Description: Lemma 1 for estrres . (Contributed by AV, 14-Mar-2020) (Proof shortened by AV, 28-Oct-2024)

		Ref	Expression
	Hypotheses	estrres.c	⊢ ( 𝜑 → 𝐶 = { ⟨ ( Base ‘ ndx ) , 𝐵 ⟩ , ⟨ ( Hom ‘ ndx ) , 𝐻 ⟩ , ⟨ ( comp ‘ ndx ) , · ⟩ } )
		estrres.b	⊢ ( 𝜑 → 𝐵 ∈ 𝑉 )
	Assertion	estrreslem1	⊢ ( 𝜑 → 𝐵 = ( Base ‘ 𝐶 ) )

Proof

Step	Hyp	Ref	Expression
1		estrres.c	⊢ ( 𝜑 → 𝐶 = { ⟨ ( Base ‘ ndx ) , 𝐵 ⟩ , ⟨ ( Hom ‘ ndx ) , 𝐻 ⟩ , ⟨ ( comp ‘ ndx ) , · ⟩ } )

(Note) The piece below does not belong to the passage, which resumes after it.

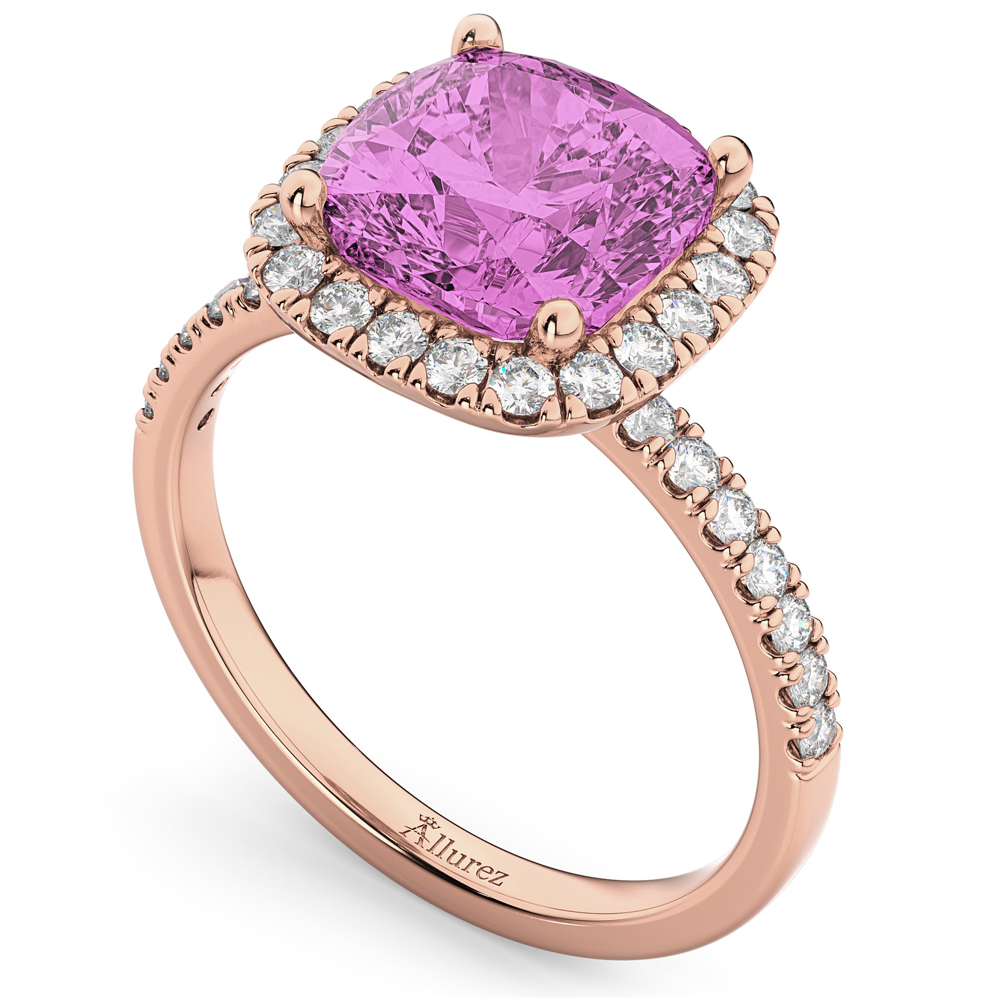 Cushion Cut Halo Lab Pink Sapphire & Lab Diamond Engagement Ring 14k Rose Gold (3.11ct)

2		estrres.b	⊢ ( 𝜑 → 𝐵 ∈ 𝑉 )
3	1	fveq2d	⊢ ( 𝜑 → ( Base ‘ 𝐶 ) = ( Base ‘ { ⟨ ( Base ‘ ndx ) , 𝐵 ⟩ , ⟨ ( Hom ‘ ndx ) , 𝐻 ⟩ , ⟨ ( comp ‘ ndx ) , · ⟩ } ) )

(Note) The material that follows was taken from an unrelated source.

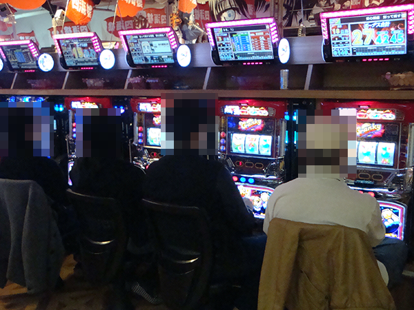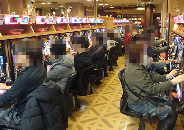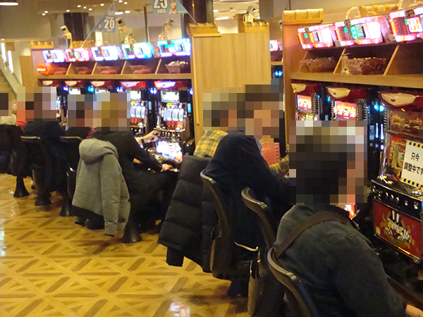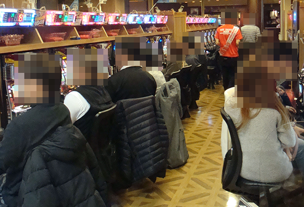 朝イチは20円パチスロのジャグラーシリーズがもっとも人気。「マイジャグラーⅡ」や「マイジャグラーⅢ」などがほぼ満席であった。
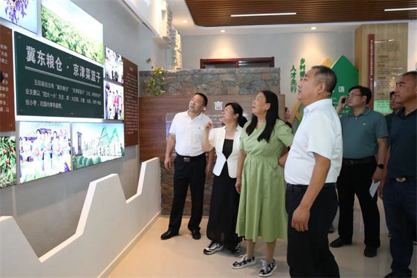 ↑调研组一行在乡村振兴产业学院展室了解工作开展情况

4		baseid	⊢ Base = Slot ( Base ‘ ndx )
5		tpex	⊢ { ⟨ ( Base ‘ ndx ) , 𝐵 ⟩ , ⟨ ( Hom ‘ ndx ) , 𝐻 ⟩ , ⟨ ( comp ‘ ndx ) , · ⟩ } ∈ V
6	5	a1i	⊢ ( 𝜑 → { ⟨ ( Base ‘ ndx ) , 𝐵 ⟩ , ⟨ ( Hom ‘ ndx ) , 𝐻 ⟩ , ⟨ ( comp ‘ ndx ) , · ⟩ } ∈ V )
7	4 6	strfvnd	⊢ ( 𝜑 → ( Base ‘ { ⟨ ( Base ‘ ndx ) , 𝐵 ⟩ , ⟨ ( Hom ‘ ndx ) , 𝐻 ⟩ , ⟨ ( comp ‘ ndx ) , · ⟩ } ) = ( { ⟨ ( Base ‘ ndx ) , 𝐵 ⟩ , ⟨ ( Hom ‘ ndx ) , 𝐻 ⟩ , ⟨ ( comp ‘ ndx ) , · ⟩ } ‘ ( Base ‘ ndx ) ) )
8		fvexd	⊢ ( 𝜑 → ( Base ‘ ndx ) ∈ V )
9		slotsbhcdif	⊢ ( ( Base ‘ ndx ) ≠ ( Hom ‘ ndx ) ∧ ( Base ‘ ndx ) ≠ ( comp ‘ ndx ) ∧ ( Hom ‘ ndx ) ≠ ( comp ‘ ndx ) )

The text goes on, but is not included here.